# Jetta Wagon Tire Pressure - 36 or 45 PSI



## arudson (Aug 20, 2004)

I just bought a new Jetta Wagon 1.8T. It has the sport suspension with 17” wheels and 225/45 tires. The tire inflation sticker on the driver door says 36 psi front and 45 psi back. The car was provided with 36 psi all the way around. I inquired with my dealer and he advises that 45 psi on the backs should be used only for heavy loads and 36 psi is best at all other times. I want to accept this but I can’t help wonder why the sticker says 45 psi with no caveats.
I want the best possible performance and longevity from this car and all it’s components.

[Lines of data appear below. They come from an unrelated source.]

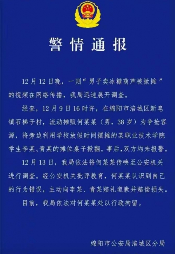 更讽刺的是何某某态度的180度大转弯。掀摊时气势汹汹,毫无愧疚。可当视频发酵,警方于12月13日依法将他传唤至公安机关后,他立刻蔫了。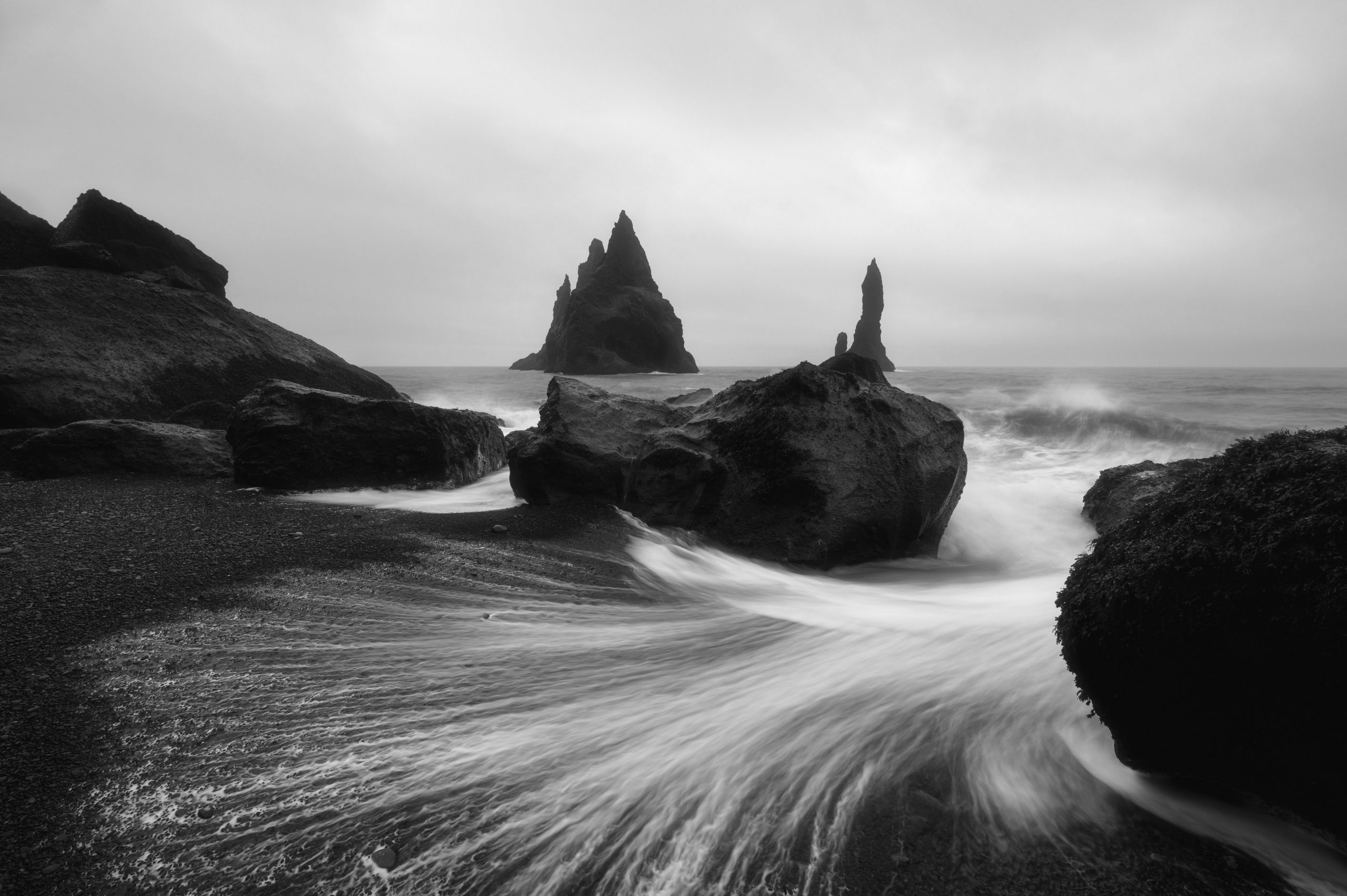 Down on the black beach, I taste the air like an animal—face lifted, mouth slightly open, nostrils expanding. The ocean in this spot has no scent. Not of salt nor seaweed. Is there a scent to the cold, to snow? I try to find it in the air, to think of it. I have been here in the summer when the hills around me glow emerald green, and the air drips with the fragrance of grass, and dirt, and sulfur, and flowers. When you can eat and breathe sunshine.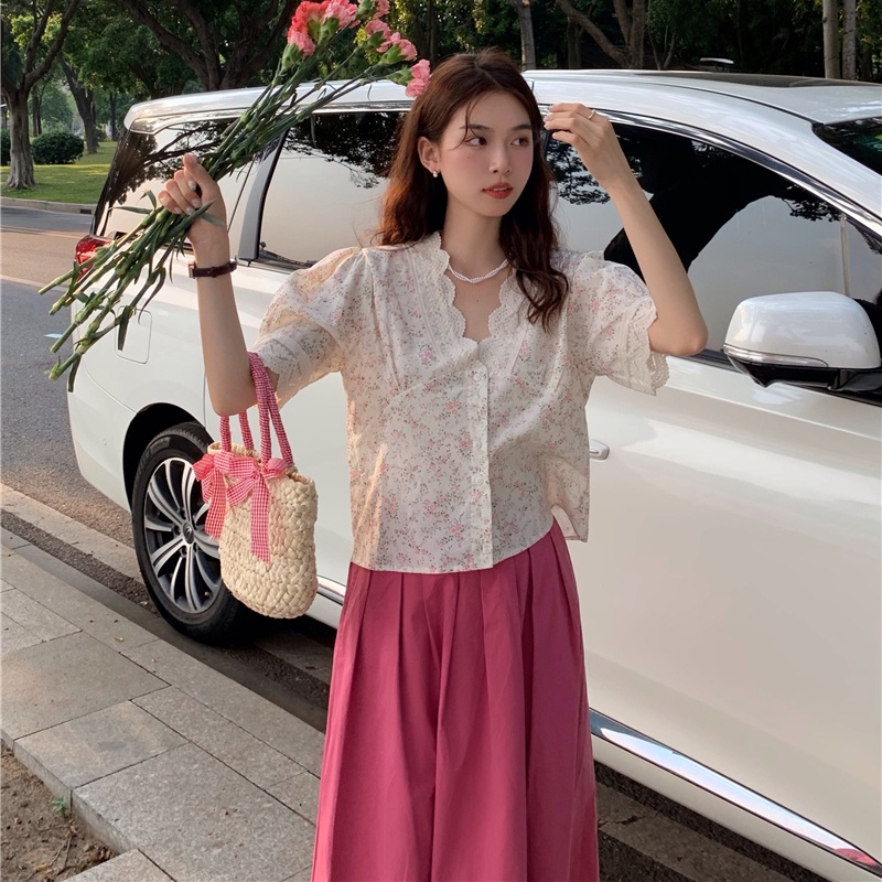 Giới thiệu Áo kiểu BH tay ngắn cổ chữ V phối ren thời trang mùa hè 2022 cho nữ

Any suggestions on which way I should do would be appreciated.


----------



## dennisgli (May 17, 2003)

*Re: Jetta Wagon Tire Pressure - 36 or 45 PSI (arudson)*

I think the latest regulations require that they only list the pressure for a fully loaded car. I don't think they are allowed to tell you what's best for a partially loaded one - silly.
Find somebody with a 2003 1.8T wagon and see what the sticker on their fuel door lid says.



_Modified by dennisgli at 7:38 AM 8-21-2004_


----------



## JettaVR6power (Oct 30, 2002)

*Re: Jetta Wagon Tire Pressure - 36 or 45 PSI (dennisgli)*

The tire pressure sticker on my car indicates 35psi Front/30psi Back for a unloaded vehicle. For a loaded vehicle 37psi Front/ 38psi Back. Keep in mind my Jetta is not a wagon (its not even A4), but just thought I'd give you and idea of difference in pressure between unloaded and loaded.
I'd say if you run 36psi in Front, that probably 32psi in Back would be fine for an unloaded vehicle. Since wagons can haul a lot of stuff, it's not surprising that when loaded it is necessary to raise back tires to 45psi.


----------



## f1forkvr6 (Jun 10, 2002)

*Re: Jetta Wagon Tire Pressure - 36 or 45 PSI (arudson)*


_Quote, originally posted by *arudson* »_I want to accept this but I can’t help wonder why the sticker says 45 psi with no caveats.
Re-read your sticker. I have a hard time believing that this is all it says (post a picture and prove me wrong http://****************.com/smile/emthup.gif







)


----------



## KevinC (Feb 16, 1999)

*Re: Jetta Wagon Tire Pressure - 36 or 45 PSI (f1forkvr6)*


_Quote, originally posted by *f1forkvr6* »_Re-read your sticker. I have a hard time believing that this is all it says (post a picture and prove me wrong http://****************.com/smile/emthup.gif







)

It's true, R32 is the same way.. only lists fully loaded pressure, w/o identifying it as such.. evidently a result of the Ford Explorer/Bridgestone fiasco. We 'muricans apparently aren't smart enough to keep our tires inflated properly, so NHTSA's answer is to require the automakers to give us a huge number and hope that we overinflate to compensate. Probably the same JAMF who continues to keep our headlights designed to a stone-aged spec so that we can't see where we're going in the dark, while the rest of the world benefits from modern, much better lighting.


----------